August 16, 2009

ROBIN GIVHAN sneers at the dress of Town Hall protesters, thus underscoring the press’s identification with the rulers rather than with the ruled. There was a time when journalists were badly-dressed working stiffs, rather than upper-middle-class strivers putting on airs. That time is long past. But — since although she’s a snob she’s sometimes an insightful one — she nonetheless hits upon a key insight: “Washington’s power brokers have suited up to underscore their authority and the seriousness of the subject matter. And bully for them. But their attire also says: I am the boss of you. All those howling citizens — in their T-shirts and ball caps and baggy shorts — are saying: No, you’re not.”

UPDATE: Reader Thomas Prewitt writes:

The article by Robin Givhan in the Washington Post leads one to wonder, “What do I wear to a town hall event?’
Are protestors part of an astroturfed Brooks Brothers brigade, or are they unserious, ill-kempt, bloviating whiners?

Ms.
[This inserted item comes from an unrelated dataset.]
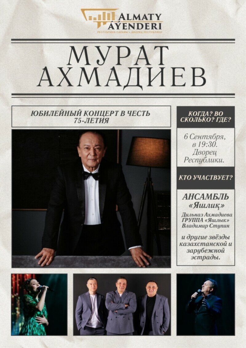 75-летний юбилей Народного артиста РК Мурата Ахмадиева – грандиозный концерт, посвящённый легенде казахстанской сцены. Вас ждёт незабываемое шоу с участием:

Givhan’s commentary tells us more about Washington D.C. than it does about the Tea Party movement. The government-political-media establishment cannot seem to understand that their employers/customers are furious. This isn’t about a civil discourse; this is a really bad job review.

The people are hoppin’ mad and are trying to say, “We aren’t taking it anymore.” The recipients of this sentiment ignore it at their own peril.